In previous studies using similar PCR-based molecular methods, the prevalence of Wolbachia in both Old and New world sand fly species has been investigated. Ono et al.¹³ has reported that 27% of sand flies (Lutzomyia spp. and Phlebotomus spp.) were infected with Wolbachia. Benlarbi and Ready¹⁴ determined that in Phlebotomus perniciosus, 60.3% were positive for the B group wPrn strain of Wolbachia and in P. papatasi, 81.7% were positive for the A group wPap strain of Wolbachia. The A-group strain of Wolbachia (wPap) was also found in P. papatasi by PCR amplification by Parvizi et al.¹⁵. Matsumoto et al.¹⁶ found Wolbachia sp. in pooled sand fly samples (P. perniciosus, P. mascittii, P. ariasi, Phlebotomus sp., Sergentomyia minuta) in Marseille, France. The presence of Wolbachia was detected in three of 20 sand fly species, including Lutzomyia trapidoi, in which it frequently co-occurred with Leishmania parasites¹⁷. Parvizi et al.^18,19 determined presence of Wolbachia pipientis in P. perfiliewi transcaucasicus, P. mongolensis and P. caucasicus. Bordbar et al.²⁰ found that 65.5% of Iranian sand flies were positive for Wolbachia based on wsp gene amplifications. Vivero et al.²¹ detected Wolbachia in Lutzomyia species in Colombian Caribbean coast. Da Rocha et al.²² were found that Wolbachia pipientis was positive 2.5% in Lutzomyia species. Li et al.²³ determined Wolbachia (8.6%) and Spiroplasma (2.3%) in Phlebotomus chinensis in Henan and Sichuan collections from China, respectively.

In the present study, the prevalence of Wolbachia spp. was found to be 70% in sand flies analyzed from Antalya province of Turkey along the Mediterranean. The rate of infection prevalence found in this study is similar to the results reported in Iranian sand flies by Benlarbi and Ready¹⁴ and Bordbar et al.²⁰. Observed differences in prevalence of Wolbachia spp. may be associated with variation in the geographical locations and the species of sand flies sampled¹³.

Work by Aksoy and Rio²⁴ and Rio et al.²⁵ describe the potential role of symbionts, including Wolbachia, as a novel tool for control of parasitic diseases. Wolbachia is responsible for inducing a number of reproductive modifications that enable its spread and maintenance in natural insect populations. The most common effect is cytoplasmic incompatibility^8,9,13. In one study, it has been shown that a natural Wolbachia infection in sand flies causes cytoplasmic incompatibility, leading to embryonic mortality in them^18,20. Wolbachia also causes induction of parthenogenesis in female artropods, thus insect populations can be negatively impacted upon infection with Wolbachia^8,18. In addition, introduction of new Wolbachia infections into Drosophila as well as mosquitoes have been shown to induce the host immune system to make them resistant to pathogenic viruses and parasites^26–28. For these reasons, it has been suggested that Wolbachia infections can prevent the transmission of parasites in infected insects. If Wolbachia infections in sand flies also confirm increased resistance to Leishmania parasites or to viruses, it can be desirable to incorporate this endosymbiont as a biocontrol agent against sand fly-transmitted diseases.

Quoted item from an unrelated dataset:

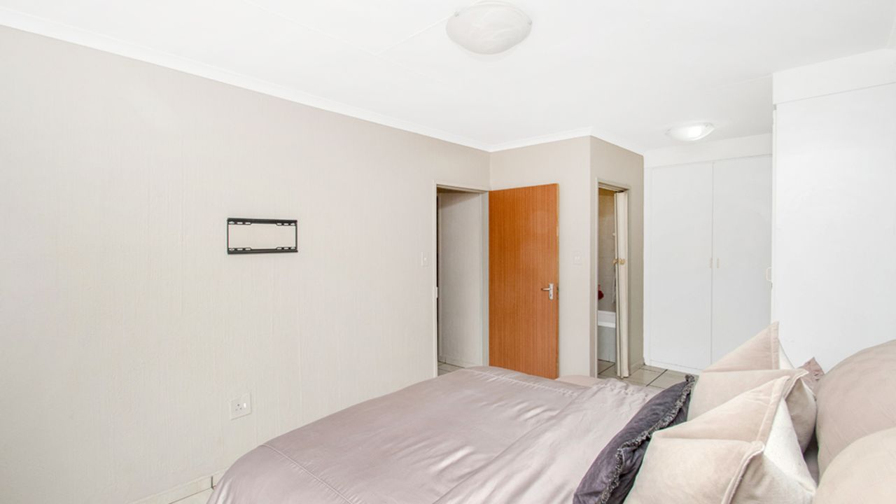 The property also includes a single garage, with ample open parking available. The complex is meticulously maintained and provides excellent security for its residents. It also offers a swimming pool area, fitted with braai facilities.

Much of the research on Spiroplasma has focused on Drosophila species. Drosophila melanogaster one of the most commonly used model organisms, naturally harbours Spiroplasma^2,3,29–31. The prevalence of male killing Spiroplasma was found to vary between 0% and 17.7% in different Drosophila species³¹. In this study we determined Spiroplasma positivity rate as 26% in female sand flies analyzed from the southern coast of Turkey. None of the male sand flies were positive for Spiroplasma. This observation suggests that in sand flies Spiroplasma may employ a male killing drive strategy although additional prevalence and functional data are required to support this hypothesis.

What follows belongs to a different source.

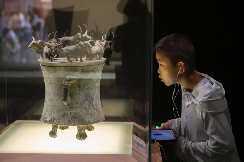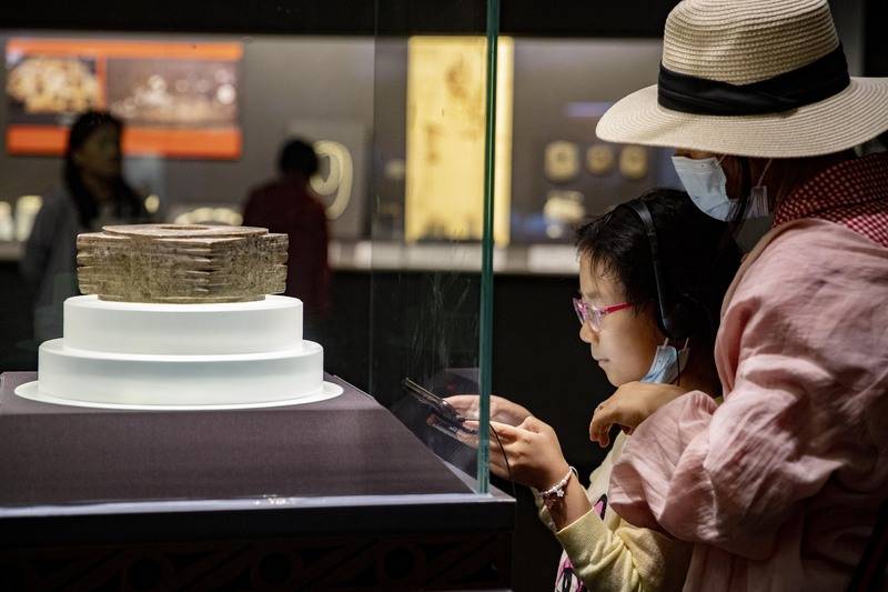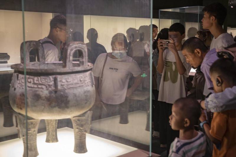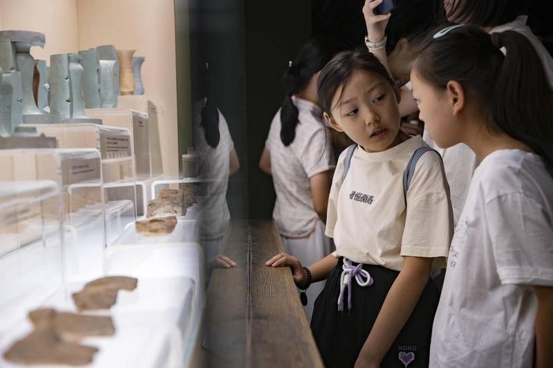来自全国各地的家长带着孩子在博物馆欣赏文物。

The present study was performed to investigate the presence or absence of reproductive associated endosymbiotic bacteria in sand flies in Turkey. Molecular studies in Turkey have previously reported that Wolbachia infection was detected in Trissolcus species, Culex pipiens and Phlebotomus spp^32–34. Further studies are needed to determine the extent and the potential biological significance of Wolbachia spp. and Spiroplasma spp. infections in sand flies in Turkey.

Materials and Methods

This project was carried out to investigate the prevalence of Wolbachia spp. and Spiroplasma spp. in Phlebotomus flies by using molecular methods. A total of 40 Phlebotomus individuals (19 females and 21 males) were used in this study. Sand flies were collected from Antalya, in south of Turkey (with an altitude of 20 m, 36° 13′–36° 34′ N latitudes and 32° 15′–32° 38′ E longitudes), which has general characteristics of Mediterranean climate in August 2014 (Fig. 1). Sand flies were caught and identified with the help of the relevant resources^33,35. Genomic DNA was extracted from whole sand flies using the DNeasy Blood and Tissue Kit (Qiagen, Valencia CA) according to the manufacturer’s instructions. The concentration of the extracted DNA was detected using a Nanodrop 2000 spectrophotometer and keep at −20 °C for further molecular experiments.

Location of Antalya province in Turkey (red colored area). Map shown in this article was created using ArcGIS 10.2 software by Esri.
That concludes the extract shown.